Sudah lama rasanya aku dan Aling tak bersapa. Menurutku Alinglah yang mulai
menghindar untuk tidak mau berteman denganku. Tidak hanya menghindar dariku,
teman-teman lain juga begitu. Bahkan niat baik guru-guru untuk membantunya
kembali ke sekolah juga tidak begitu digubris Aling. Entahlah, apa yang menjadi
alasannya hingga begitu kuat memutuskan untuk berhenti sekolah. Padahal Aling
terkenal dengan siswa yang berprestasi di sekolah. Selalu jadi juara kelas dan begitu
aktif di berbagai organisasi yang ada di sekolah.

Di ruas jalan aku bungkam malam itu. Mengingat pengalaman lucu bersama
Aling dan teman-teman lainnya. Mandi di bekas lubang camui adalah kisah yang
paling terkesan. Sayangnya sekarang, persahabatan itu menjadi asing. Sejak Apa dan
Amanya meninggal dunia. Disusul lagi dengan kenyataan bahwa alat-alat
menambang timah dan ponton milik Apanya disita oleh pihak berwajib. Dikerenakan
penyewa-penyewa barang milik Apanya itu menambang timah secara ilegal. Hal itu
kemudian membuat ekonomi keluarga Aling turun drastis.

***

Tabuh tanda subuh sudah berbunyi. Disusul suara syahdu azan yang
memecahkan sunyi pagi. Tapi aku masih saja belum beranjak dari tempat tidur.
Berbeda jauh dengan Mamak yang sudah bangun sebelum subuh tadi. Menyiapkan
sarapan dan menyelesaikan semua pekerjaan rumah. Sepertinya Mamak akan
memantau pekerja yang memetik sahang di kebun kami. Kami punya kebun yang
begitu luas. Bapak meninggalkan kami banyak warisan.

“Bangunlah Jang, sudah setengah enam ni!” ujar Mamak seraya menarik
selimutku.

“Iya Mak.” jawabku singkat. Bukannya bangun aku malah kembali


memejamkan mata.
“Jang, salat subuh. Mamak sebentar lagi mau berangkat ke kebun ni!” ujar
Mamak lagi.

Kelopak mataku rasanya begitu berat. Hingga aku tak mengubris ucapan Mamak
yang menyuruhku salat subuh. Berulang-ulang, sertiap pagi aku susah dibangun.
Semburat mentari kini sudah tampak di ufuk timur.
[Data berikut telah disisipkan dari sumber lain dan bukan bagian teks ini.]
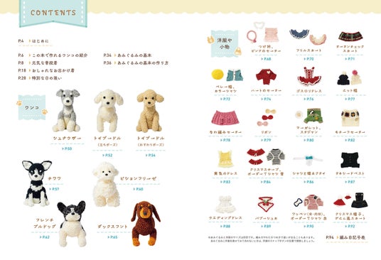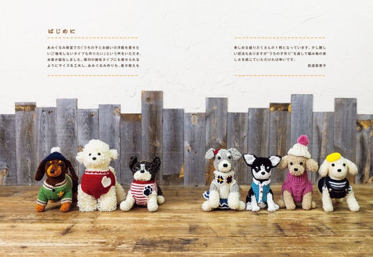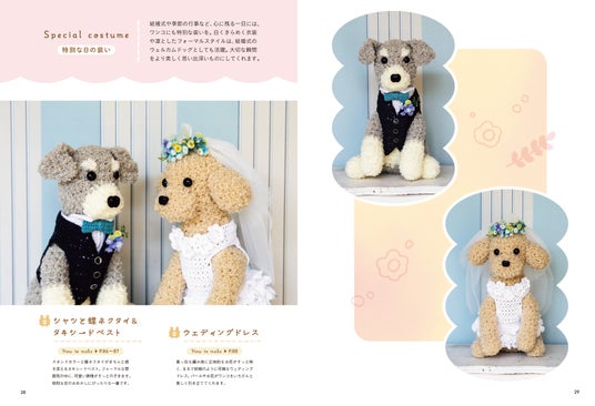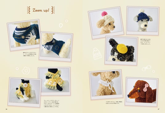 また、本書の著者・眞道美恵子さんの既刊『抱っこしたくなるあみぐるみワンコ』の作品にも着せ替えできるよう、サイズを調整しています。植毛タイプのワンコたちにも着回しができます。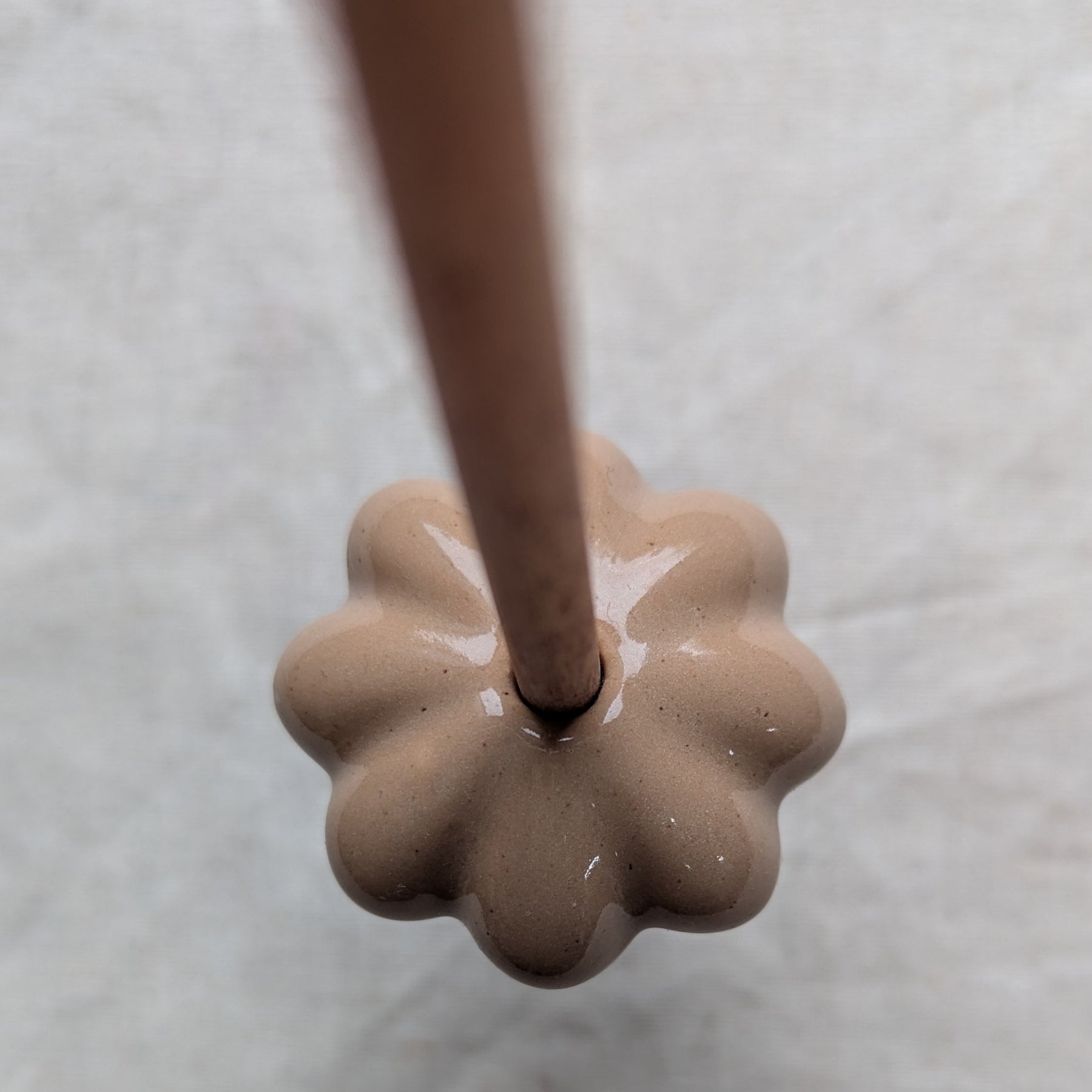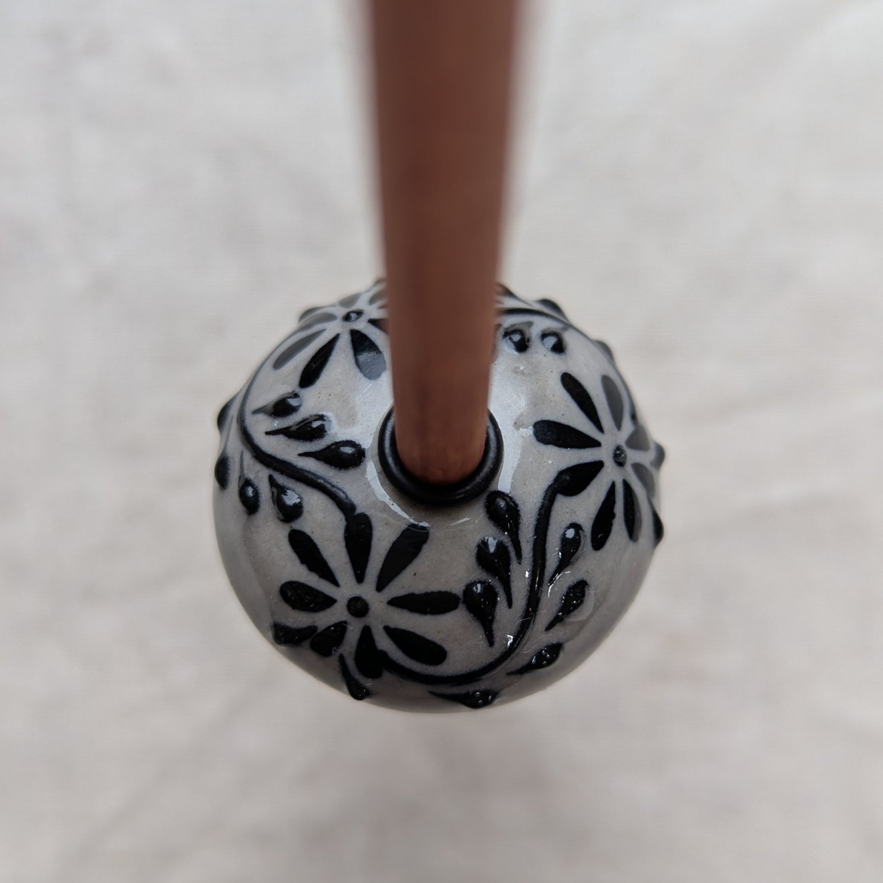 This support spindle is made in Michigan from hand-shaped pine shafts and ceramic whorls. The spindles measure approximately 12" long and are designed to be used with a spinning bowl. You can find Spun's Ceramic Spinning bowls here.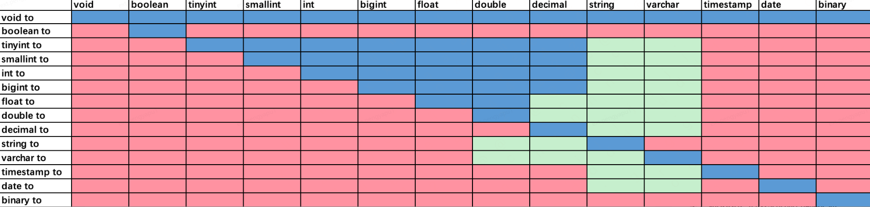 ◦ 下图为Hive和Presto的隐式转换规则,蓝色区域是Presto和Hive都支持的类型转换,绿色区域是Presto不支持但是Hive支持的类型转换,红色区域是两者都不支持的类型转换。可以看到,hive的隐式转换更为广泛,而presto尤其在字符类型的隐式转换中更为严格。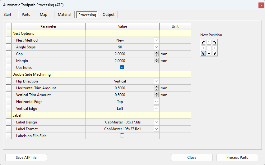 The Labels on Flip Side checkbox allows printing on the flip side when double sided parts are processed.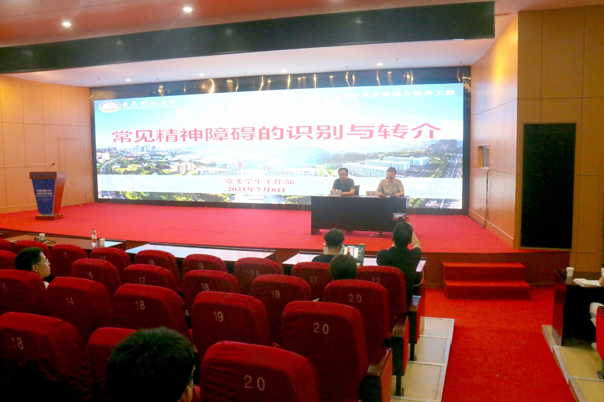 为进一步贯彻落实《高等学校学生心理健康教育指导纲要》、《高校思想政治工作质量提升工程实施纲要》等文件精神,健全心理危机预防和快速反应机制,切实提升辅导员对于心理问题的早期识别和危机预警能力,7月8日下午,学校邀请青岛市精神卫生中心副主任医师孙波做专题培训。培训由党委学生工作部副部长王丽主持。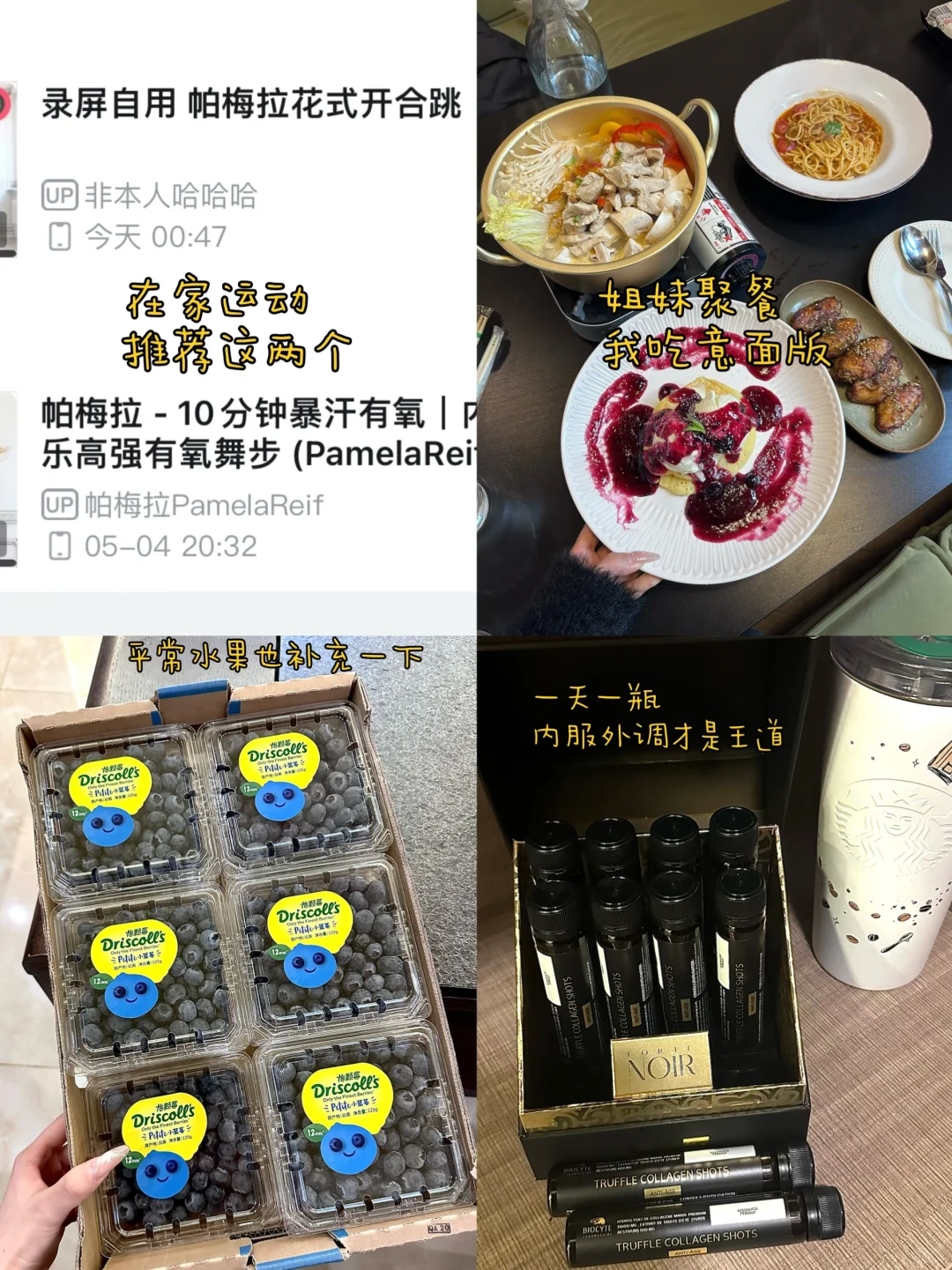 除了运动和饮食上我还会喝一支胶原蛋白肽来补充长期熬夜流失的胶原蛋白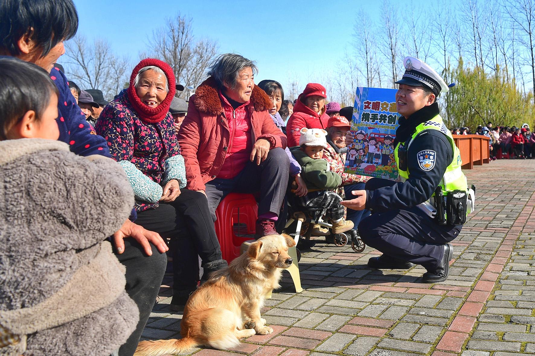 12月16日,安徽省巢湖市公安局交警大隊(duì)民警在蘇灣鎮(zhèn)坊集社區(qū)“四季村晚”群眾文藝匯演現(xiàn)場,向群眾開展交通安全宣傳。

Terangnya langit, menerobos
jendela kamar. Aku pun terperanjat. Apakah aku akan telat hari ini? Pekikku dalam
hati. Baru saja rasanya ku lanjutkan tidurku setelah dibangun Mamak subuh tadi.
Namun kini sudah menunjukkan pukul enam saja. Aku pun terburu-buru mandi lalu
berangkat ke sekolah. Kemudian tak lupa kuambil uang jajan di atas meja makan.
Terlihat ada rusip dan telur rebus. Mamak tahu sekali itu adalah makanan favoritku.
Sayangnya aku sudah sangat terburu-buru dan tak sempat lagi sarapan.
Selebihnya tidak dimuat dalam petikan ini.